▶ [Aim of the exercise]: Only the lines from the one with "這是黔桂烏英苗寨的群眾在抬樹" through the last line of the data below are to be duplicated, exactly and without pictures.

*** Dataset records ***

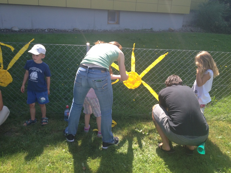 Именно 15 августа начался у нас учебный год. С 4 лет у детей обязательный киндергартен. можно на год перенести это удовольствие, что мы и сделали... но все равно.. я ооочень не хотела... так как не знала, что это за зверь и с чем его едят, что там делают и что это должно дать моему ребенку...Я заранее опрашивала всех знакомых детей и родителей, но 100% положительных высказываний с улыбкой на губах меня все равно не расслабляли. В саду еще пара человек должны были пойти в киндергартен.. Все они с нетерпением ждали этого дня.. Мой ребенок - как обычно- вопреки всем, этого дня не ждал.. он вообще не хотел, чтоб ему исполнилось 5.Я, персонал в саду , логопед и другие задействованные лица где то за 2 месяца проводили ребенку легкую "промывку мозгов" на тему " как хорошо в киндергартене".. с книжками, картинками, бесадами со старшими детьми и тд.. и вроде как ближе к дате деть мой не ворочил нос при упоминании "киндергартена". И вот наступил день Икс. В приглашении было написано- приходить к 13.30, и забрать детей в 15.00.. Это был понедельник. Мы с ребенком в 10.30 утра сбегали в бассейн.. такой кайф был- пустой бассейн, и все игрушки и горки в нем- твои! у всех же начался учкбный год... и никого не было! Потом быстренько домой поесть, и вперед... бегом бегом... а бежать нам от дома до киндергартена целых 30 метрв.. плюс минус.И вот перед самым забором воодушевление ребенка просто взяло и испарилось- штопор..! ни взад, ни вперед.. В итоге спрятался за папу, вошел в дом так же, за его спиной, и сев на стул в кружочке, держался за папу.. потом был типа " тимбилдинг", где каждый ребенок получал по 3 солнечных лучика, чтоб вместе с родителями прикрепить их к заготовке на заборе...
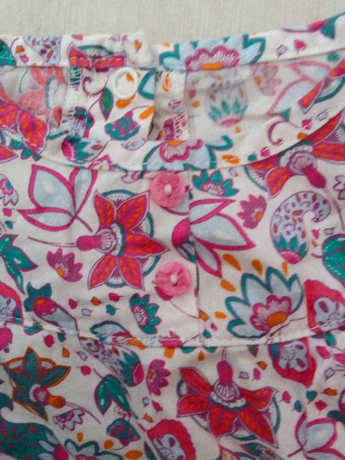 Ensemble composé d'un pantalon en double gaze, pressions a lentrejambe, taille élastique, et d'une blouse la compagnie des petits. J'offre un gilet blanc kiabi pour compléter la tenue car il a une petite tâche cf photo.
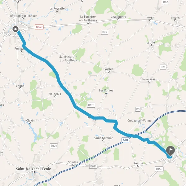 | Distance en voiture | 42,5 km à 44,0 km |
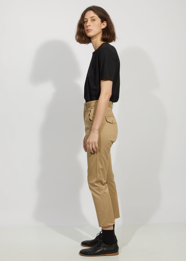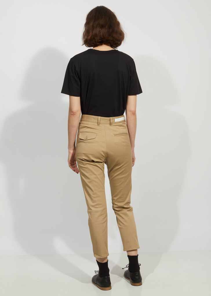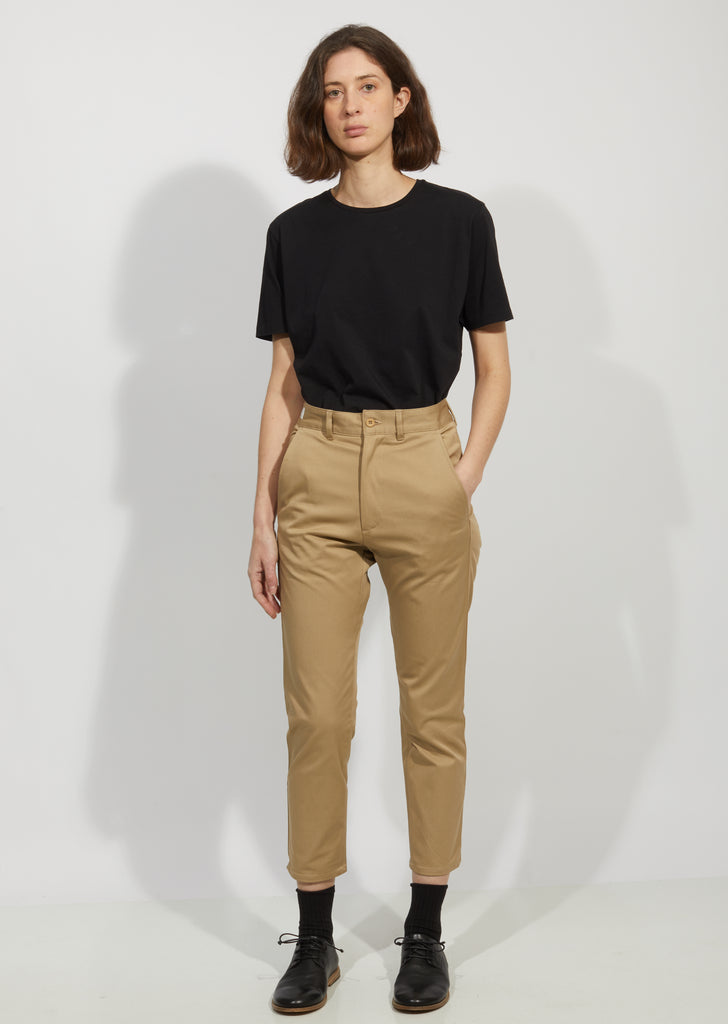 Golden-beige unisex slim-fit pants in mercerized cotton twill, cropped at the lower calf.
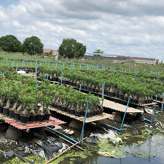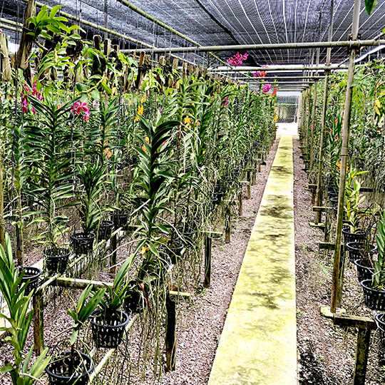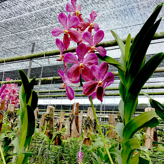 サンサンオーキッドでは、洋ラン育種家 花島 信氏の タイ王国パトゥムターニーにある現地法人タイ ハナジマ オーキッド(Thai Hanajima’s Orchids Co,.Ltd) から 直輸入した洋ラン(バンダ、カトレヤ、パフィオペディルム他)を中心に、 さまざまな植物の培養、育生を行っています。 タイの気候は洋ランの生育に最適といわれています。 温室いらずで、屋外にて、1000種以上の品種を栽培しています。
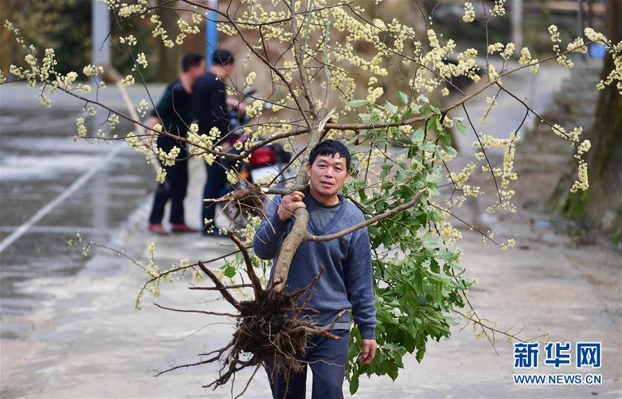 這是黔桂烏英苗寨的群眾在抬樹苗,準(zhǔn)備用來美化居住環(huán)境(3月16日攝)。
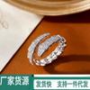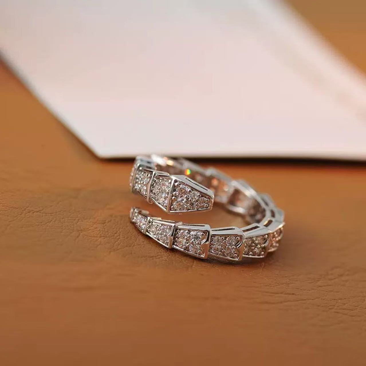 Anillo Abierto Ajustable de Serpiente con Diamantes Completos Europeos y Americanos para Mujer, Nicho de Lujo Ligero de Alta Gama Estilo Minimalista Anillo para Dedo Índice y Cola al Mayoreo

*** End of Dataset records ***

▶ [Response to this exercise]:
 這是黔桂烏英苗寨的群眾在抬樹苗,準(zhǔn)備用來美化居住環(huán)境(3月16日攝)。
 Anillo Abierto Ajustable de Serpiente con Diamantes Completos Europeos y Americanos para Mujer, Nicho de Lujo Ligero de Alta Gama Estilo Minimalista Anillo para Dedo Índice y Cola al Mayoreo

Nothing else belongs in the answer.